- Interactive map of Fort Devens, Massachusetts
- Coordinates: 42°32′14″N 71°36′56″W﻿ / ﻿42.53722°N 71.61556°W
- Country: United States
- State: Massachusetts
- County: Middlesex Worcester

Area
- • Total: 3.25 sq mi (8.43 km^{2})
- • Land: 3.21 sq mi (8.31 km^{2})
- • Water: 0.046 sq mi (0.12 km^{2})
- Elevation: 614 ft (187 m)

Population (2000)
- • Total: 1,017
- • Density: 317/sq mi (122.4/km^{2})
- Time zone: UTC-5 (Eastern (EST))
- • Summer (DST): UTC-4 (EDT)
- Area code: 508

= Fort Devens (CDP), Massachusetts =

Fort Devens was a census-designated place (CDP) in the towns of Ayer and Shirley, in Middlesex County and Harvard in Worcester County in the U.S. state of Massachusetts. It encompassed the former Fort Devens. The population was 1,017 at the 2000 census. Prior to the 2010 census, the area was redefined as the Devens census-designated place.

==Geography==
Fort Devens is located at (42.537137, -71.615493).

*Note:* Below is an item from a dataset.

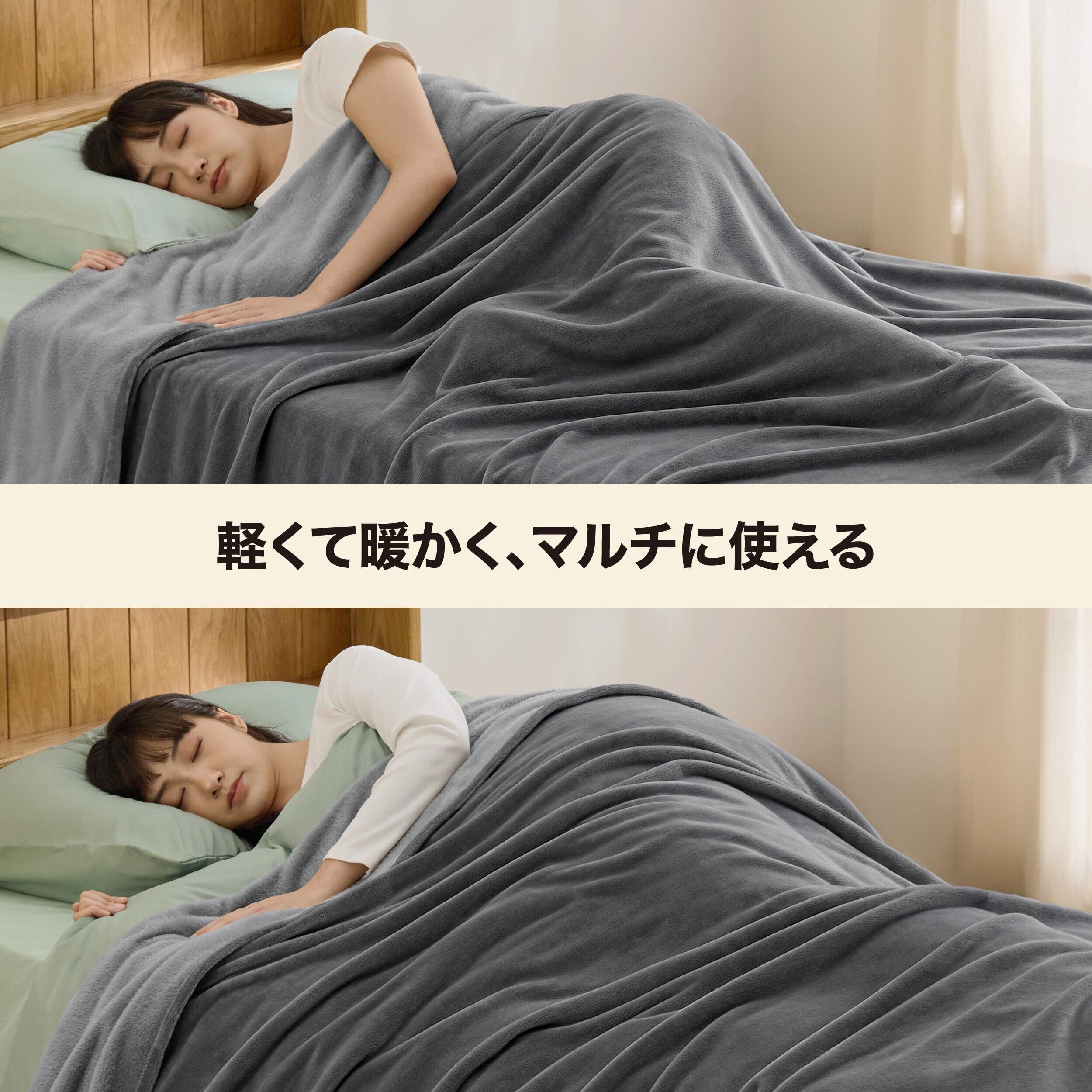 軽やかなのに、しっかり暖かい:なめらかな素材が体にフィットして、効率よく体温をキープ。軽量ながら暖かく、重さを感じさせない快適さ。春夏はショールやひざ掛けとして、秋冬は布団と重ねてぬくもりをアップ。シンプルなデザインだから、ベッドシーツとしてもぴったりで、雲の上に寝ているような心地よさをお届けします。

According to the United States Census Bureau, the Fort Devens CDP had a total area of 17.7 km^{2} (6.8 mi^{2}). 17.4 km^{2} (6.7 mi^{2}) of it is land and 0.2 km^{2} (0.1 mi^{2}) of it (1.32%) is water..

==Demographics==
As of the census of 2000, there were 1,017 people, 3 households, and 1 family residing in the CDP. The population density was 151.1/mi^{2} (58.3/km^{2}). There were 316 housing units at an average density of 46.9/mi^{2} (18.1/km^{2}). The racial makeup of the CDP was 57.23% White, 32.45% African American, 0.39% Native American, 2.46% Asian, 6.69% from other races, and 0.79% from two or more races. Hispanic or Latino of any race were 35.89% of the population.

There were 3 households, out of which 1 had children under the age of 18 living with them, 1 was a married couple living together, and 2 were non-families. None had a female householder with no husband present. 2 of the households were made up of individuals, and 2 had someone living alone who was 65 years of age or older. The average household size was 2 and the size of the only family was 4. 1,011 of the 1,017 residents were listed as living in group quarters.

In the CDP, the population was spread out, with 9.6% under the age of 18, 21.6% from 18 to 24, 51.1% from 25 to 44, 15.9% from 45 to 64, and 1.7% who were 65 years of age or older. The median age was 32 years. For every 100 females, there were 850.5 males. For every 100 females age 18 and over, there were 1,251.5 males.

The median income for a household in the CDP was $0, and the median income for a family was $0. Males had a median income of $19,423 versus $0 for females. Only 78 residents were listed as being in the labor force. The per capita income for the CDP was $10,354. About 78.6% of the population were below the poverty line, including no persons under the age of 18 and none ages 65 or older.